Killik & Co
- Company type: Independent partnership
- Industry: Financial services
- Founded: 1989
- Founder: Paul Killik (co-founder Matthew Orr)
- Headquarters: London, United Kingdom
- Area served: United Kingdom
- Products: Financial advice, wealth management
- Website: killik.com

= Killik & Co =

Killik & Co is an independently-owned, award-winning wealth management Partnership, providing saving, planning and investment advice to retail clients throughout the UK. In addition to its Mayfair headquarters, Killik & Co has a network of high street branches across the UK. As of 2025, the company manages assets on behalf of over 27,000 clients across the UK.

Killik & Co's services include advised and managed investing, wealth planning, will writing and tax and trusts advice.

== History ==
Killik & Co was founded on the 30th January 1989 as a stockbroking firm by entrepreneurs Paul Killik and Matthew Orr, moving its head office to Grosvenor Street in Mayfair in 2000. It is one of the few remaining independently-owned Partnerships in the UK retail investing market, following consolidation amongst European, Japanese and American investment banks after the Big Bang in the late 1980s.

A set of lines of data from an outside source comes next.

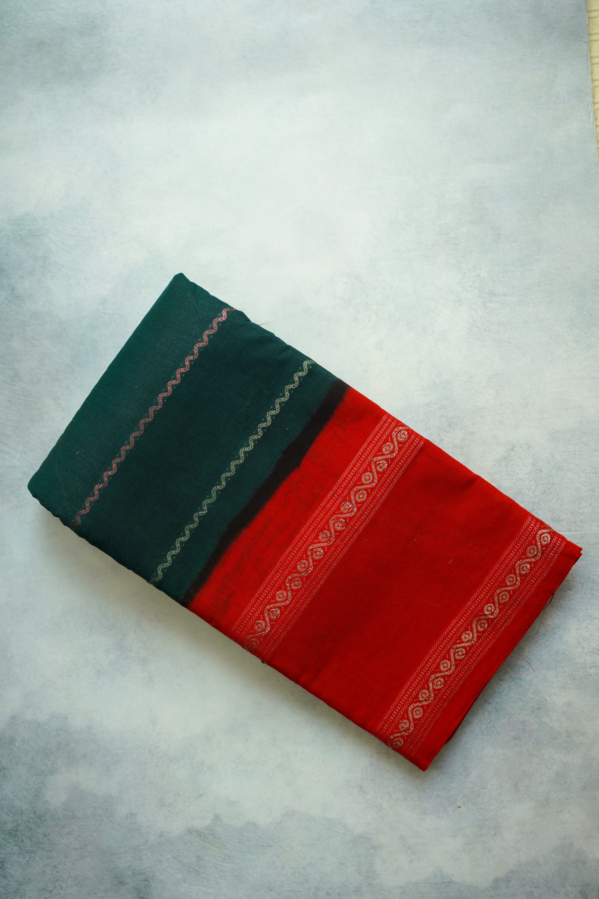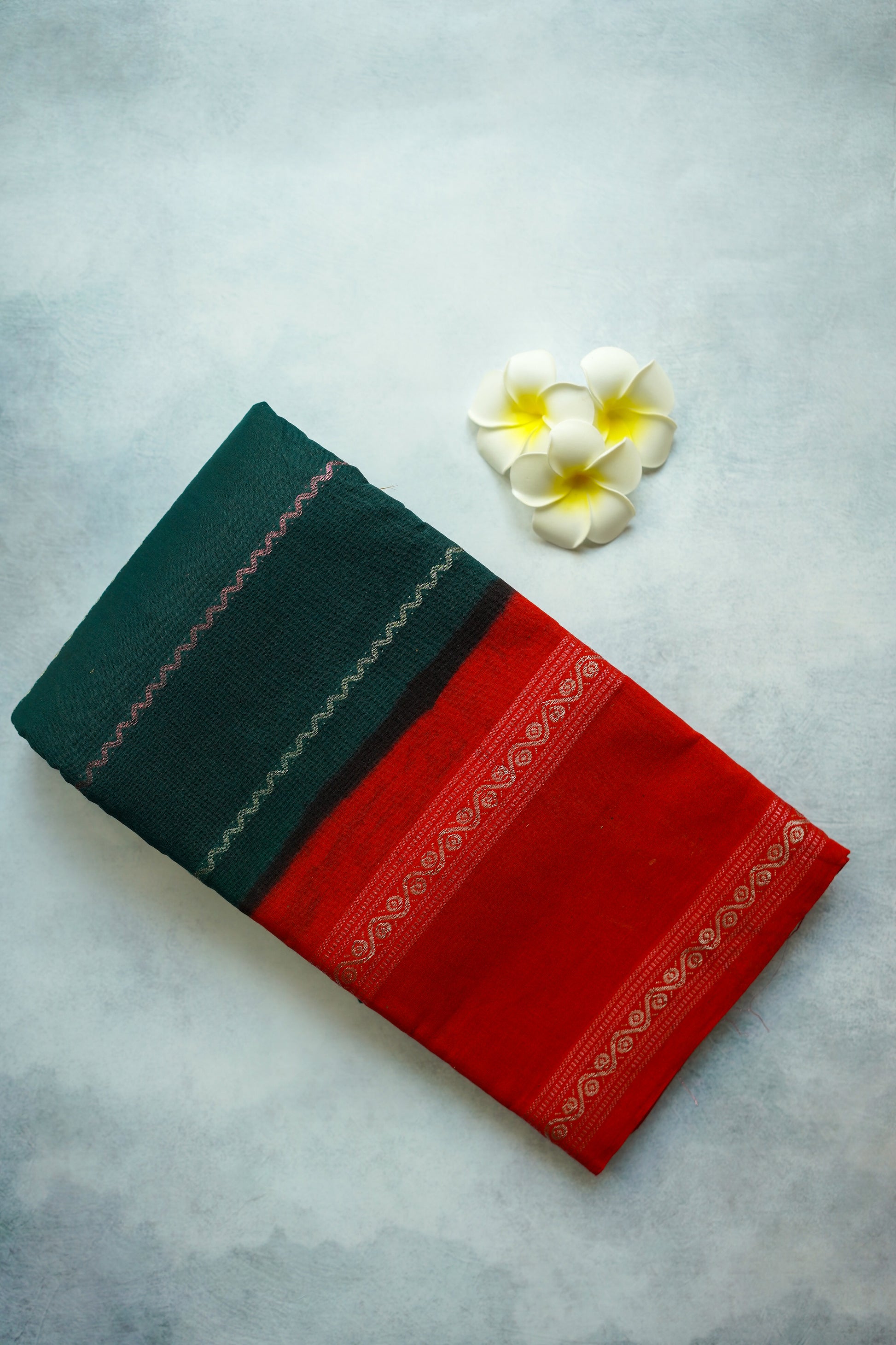 This elegant Velathari Sungudi Saree in dark green is a stunning piece of traditional craftsmanship. The intricate Sungudi tie-dye technique gives the fabric a unique texture, while the Velathari design adds a timeless beauty to the saree. The saree is beautifully bordered with a bold red border, which provides a striking contrast to the deep green, making it perfect for festive occasions and cultural celebrations.
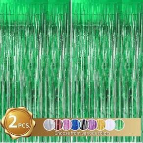 1. Cortina de franja de folha verde metálica de 2 pacotes
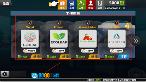进入游戏后,玩家可以查看当前可承接的任务,每个任务都会清晰标注货物类型、卸货地点以及里程单价,方便玩家从中挑选出最适合自己的选项。
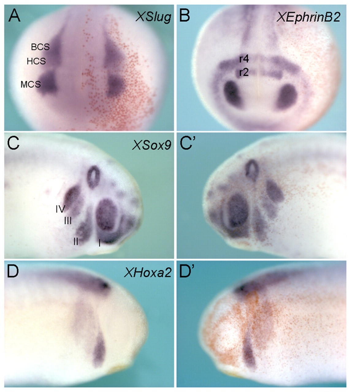 Fig. 2. 5-HT2B overexpression does not influence NCC specification and migration. The injected side, visualized by n-β-gal staining (red), is always on the right. (A,B) Frontal view of a neurula stage Xenopus embryo hybridized with XSlug (A) and XEphrinB2 (B) probes. (C-Dâ²) Lateral view of tailbuds hybridized with XSox9 (C,Câ²) and XHoxa2 (D,Dâ²) probes. MCS, mandibular crest stream (branchial arch I); HCS, hyoid crest stream (branchial arch II); BCS, branchial crest stream (branchial arches III-IV). |
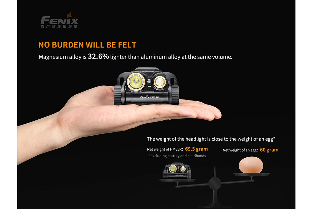 Die Fenix HM65R-Stirnlampe ist aus einer leichten Magnesiumlegierung gefertigt und verfügt über eine hohe Wasser- und Fallfestigkeit. Sie ist vollständig staub- und wasserdicht bis zu einer Tiefe von 2 Metern nach IP68-Standard und stoßfest gegen Stürze aus 2 Metern Höhe.
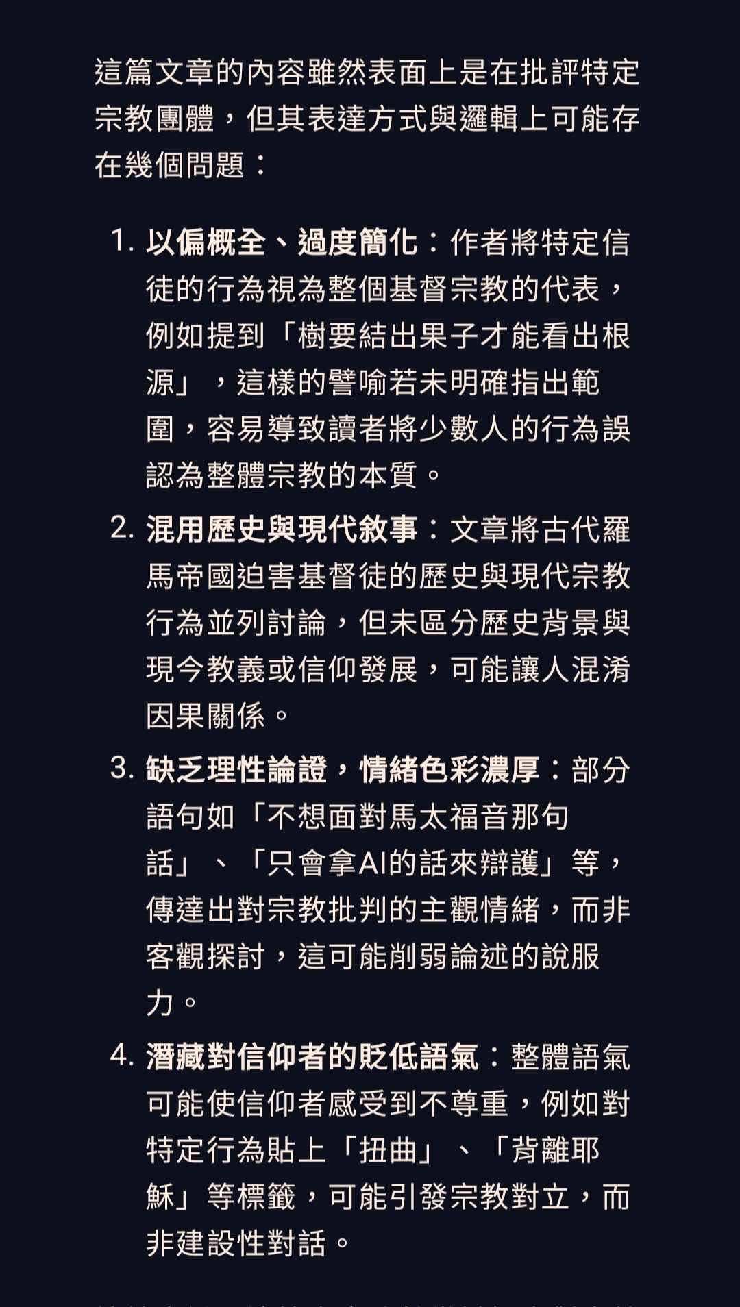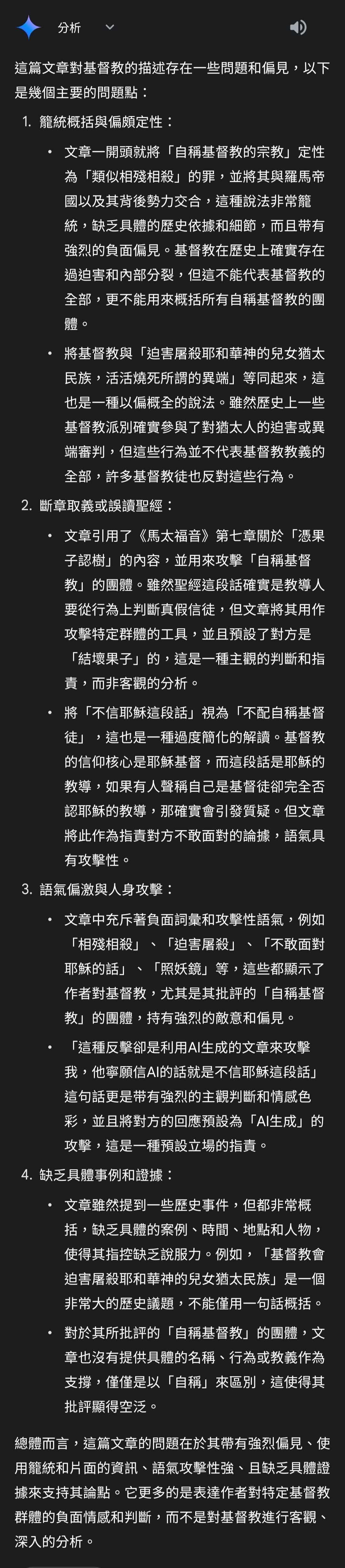 他的反應卻是利用AI生成的文章來攻擊我,他寧願信AI的話就是不信耶穌這段話。
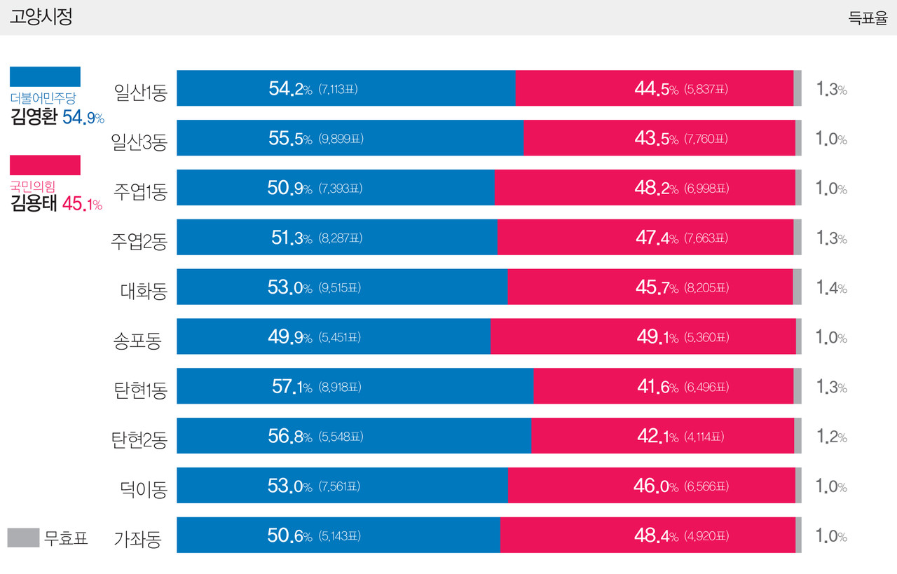 김영환 후보는 고양시정 선거구 10개 동 가운데 보수색이 강한 송포동을 포함 10개동에서 모두 승리했다. 득표율에서 적게는 2.7%p(주엽1동), 많게는 15.5%p(탄현1동) 차이로 이겼다. 전통적으로 보수층과 진보층이 비등했던 주엽1·2동에서 승리한 것이 큰 힘이 됐다. 특히 선거운동 기간 막바지 김용태 후보가 덕이데이터센터 직권 취소에 큰 힘을 보태고 있다는 보도가 전해져 불리할 것으로 예상됐던 덕이동에서도 7%p 차이로 김영환 후보가 이긴 것이 눈길을 끈다.
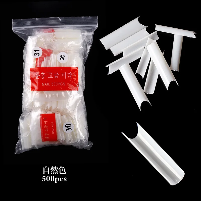 500 шт., глубокие изогнутые квадратные Типсы для французских накладных ногтей, акриловые полупокрытия 10 размеров для салонов и практика ногтевого искусства сделай сам
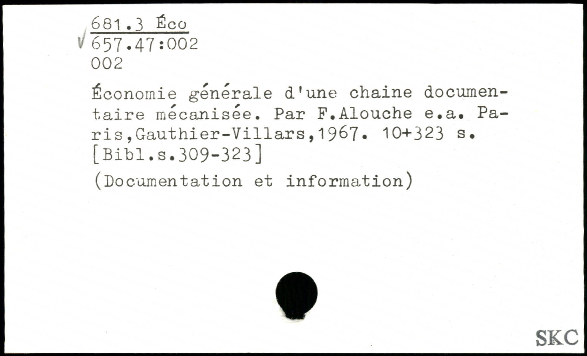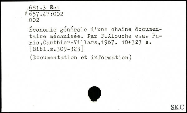 Économie générale d'une chaine documentaire mécanisée. Par F.Alouche e.a.
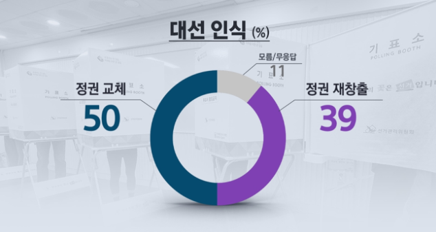 정권 교체를 위해 야당 후보에 힘을 실어줘야 한다는 응답이 50%로, 정권 재창출을 위해 여당 후보에 힘을 실어줘야 한다는 39% 응답보다 11%p 더 높았습니다.
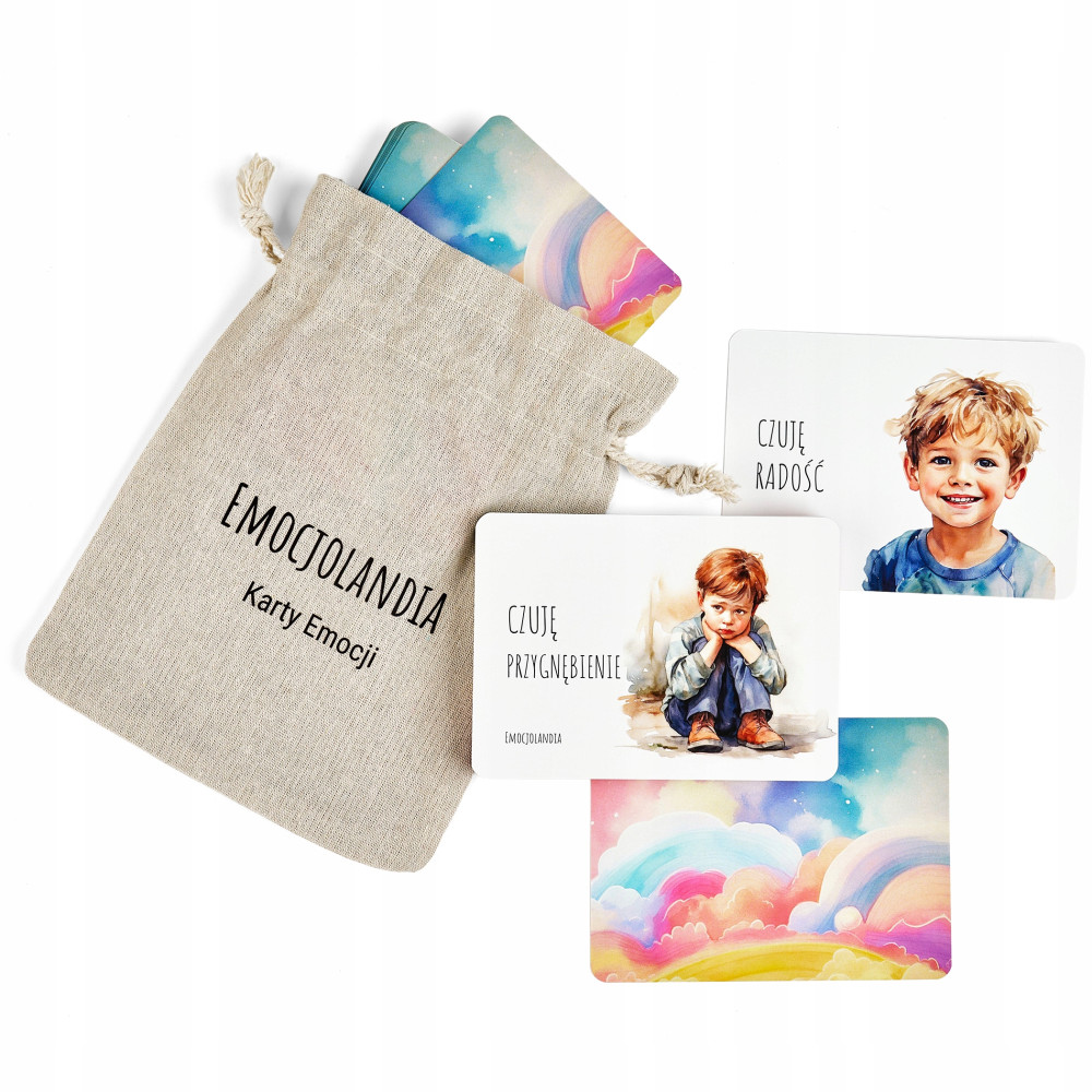 Lepszego Radzenia Sobie z Emocjami: Dzięki kartom dziecko uczy się, jak radzić sobie z trudnymi emocjami, jak smutek, złość czy strach. Skuteczniejszej komunikacji: Karty emocji pomagają dziecku wyrażać swoje uczucia słowami, co może poprawić komunikację między dzieckiem a rodzicami. To umożliwia lepsze zrozumienie potrzeb i emocji dziecka. Wzmacniania Więzi Rodzinnych: Zabawy z Kartami Emocji to doskonała okazja do budowania więzi między rodzicami a dzieckiem, rozmawiania i dzielenia się uczuciami. Budowania Empatii: Praca z kartami emocji zachęca do próby zrozumienia uczuć innych osób. Dziecko może lepiej zrozumieć, dlaczego inni ludzie reagują w określony sposób. Tworzenia Pozytywnych Wspomnień: Zabawy z Kartami Emocji to doskonała okazja do tworzenia pozytywnych wspomnień rodzinnych. To chwile, które rodzice i dzieci mogą spędzić razem, rozmawiając o uczuciach i śmiejąc się razem. Przygotowania Dziecka do Szkoły i Życia Społecznego: Zrozumienie własnych emocji i umiejętność komunikowania się z innymi stanowią ważne umiejętności społeczne. Dzięki naszym kartom emocji dzieci będą lepiej przygotowane do szkoły i życia w społeczeństwie. Rozwijania Kreatywności: Zestaw kart może być używany do tworzenia własnych gier i zabaw, co rozwija kreatywność dziecka i zachęca je do myślenia innowacyjnego.
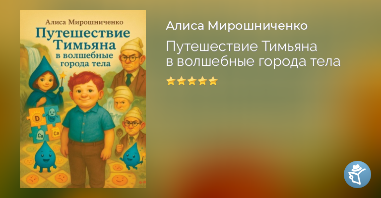 Это история для тех, кто хочет понять себя – с любовью, а не с упрёками.Мальчик по имени Тимьян отправляется в путешествие по волшебным городам внутри собственного тела. Он встречает героев – желудок-профессора, гормон сна, девочку Клетчатку и капельку воды, – которые помогают ему узнать, как работает организм, зачем нужны эмоции, еда, сон и забота о себе.Без диет, страшилок и скучных объяснений – только тепло, игра и знание, которое остаётся в сердце.Для детей от 7 лет и родителей.

Killik & Co is headquartered on Grosvenor Street, Mayfair, with high street branches in Hampstead and Kensington. In addition to its branches, Killik & Co runs a network of Houses of Killik - modern spaces built to meet the financial needs of families, where a "no appointment necessary" philosophy allows investors at any stage to initiate a conversation about their personal finances with a professional.

In 2024, Killik & Co was awarded a B Corp certification.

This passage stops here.